*The problem*:
Transcribe, starting at the line with "blue, glowing butterflies" and ending at the line with "政協主席李瑞環視察西康鐵路秦嶺隧道工程時與中鐵一局領導親切握手", every line of the material below exactly, but leave out the pictures and anything outside that span.

*Dataset section*:
····················
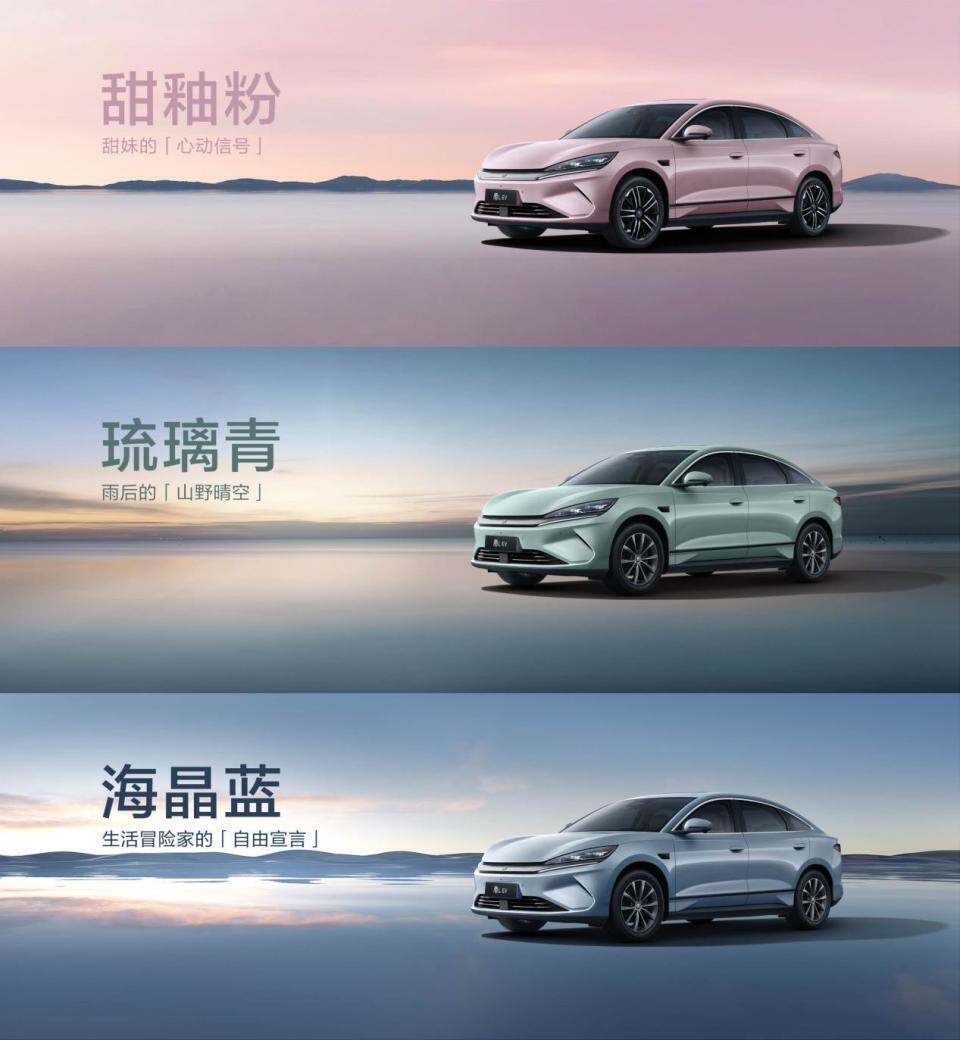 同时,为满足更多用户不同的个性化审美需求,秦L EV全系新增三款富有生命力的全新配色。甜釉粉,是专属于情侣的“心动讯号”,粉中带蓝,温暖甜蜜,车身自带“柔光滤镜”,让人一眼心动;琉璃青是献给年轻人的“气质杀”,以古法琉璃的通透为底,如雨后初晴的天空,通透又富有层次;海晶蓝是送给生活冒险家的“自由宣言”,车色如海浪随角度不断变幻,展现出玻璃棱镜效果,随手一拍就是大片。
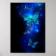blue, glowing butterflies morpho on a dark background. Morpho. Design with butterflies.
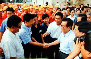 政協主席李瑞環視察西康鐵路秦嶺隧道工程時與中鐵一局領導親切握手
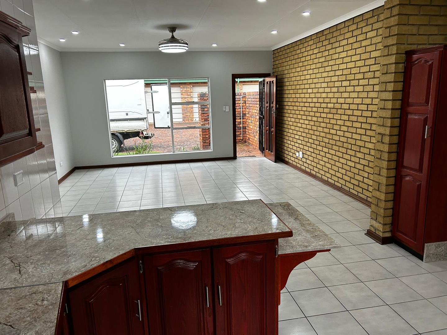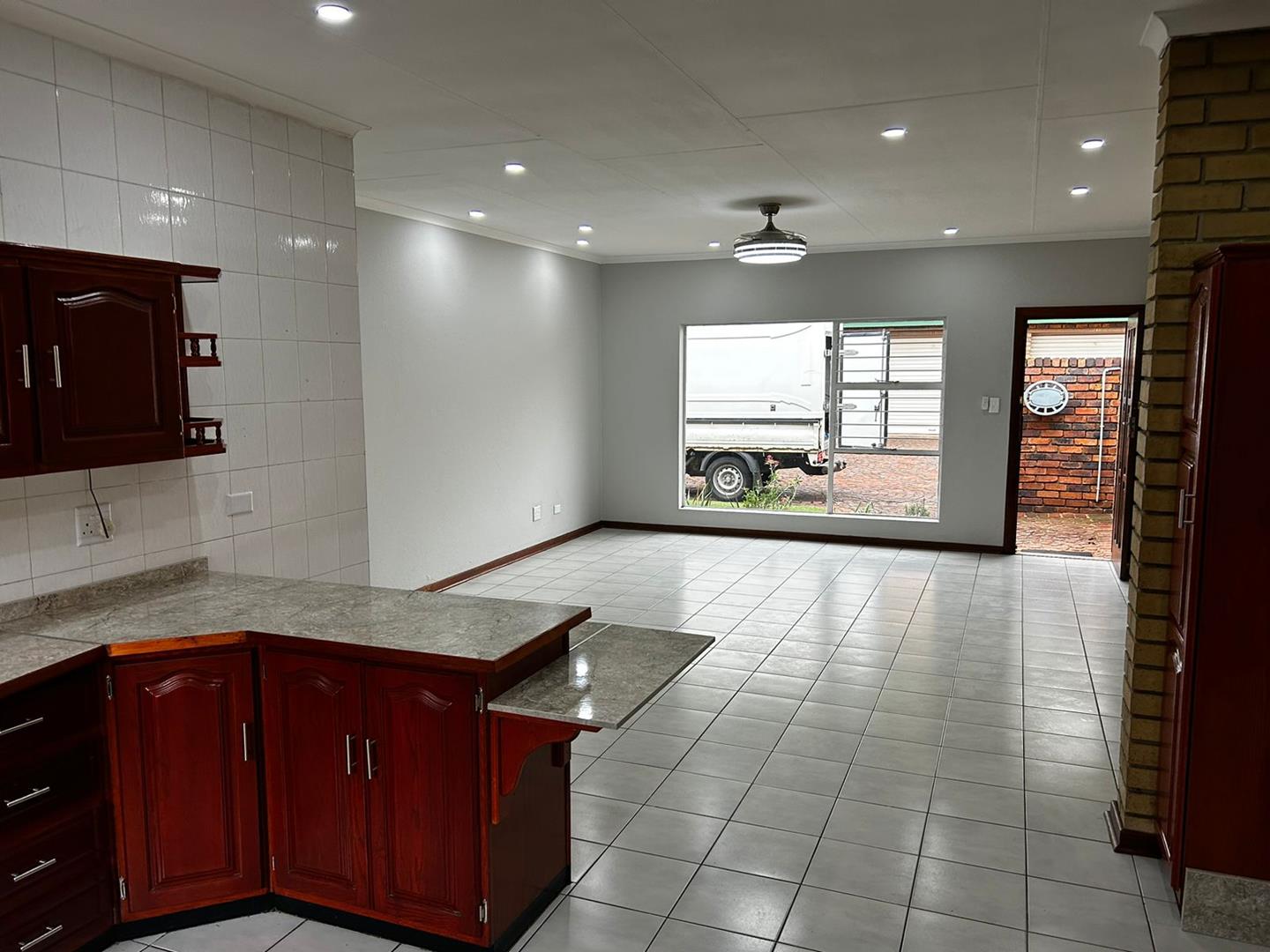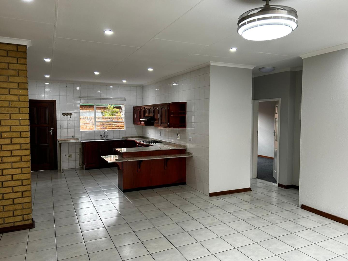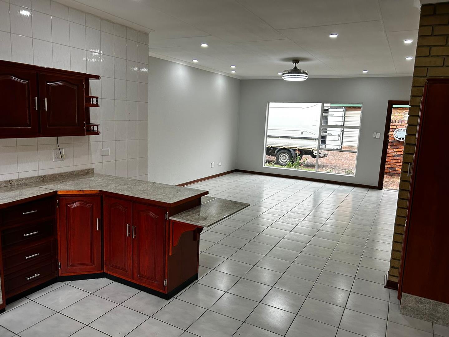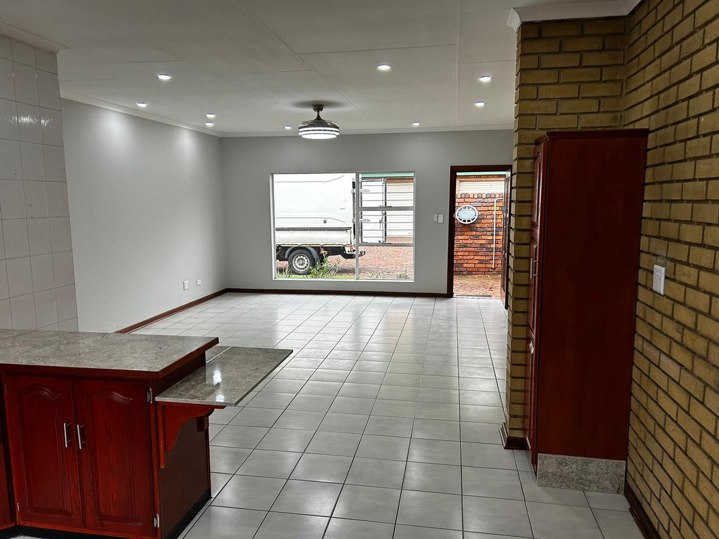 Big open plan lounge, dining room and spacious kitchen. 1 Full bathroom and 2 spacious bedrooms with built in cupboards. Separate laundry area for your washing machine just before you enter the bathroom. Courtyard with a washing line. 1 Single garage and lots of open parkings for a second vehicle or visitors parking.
····················
*Response*:
blue, glowing butterflies morpho on a dark background. Morpho. Design with butterflies.
 政協主席李瑞環視察西康鐵路秦嶺隧道工程時與中鐵一局領導親切握手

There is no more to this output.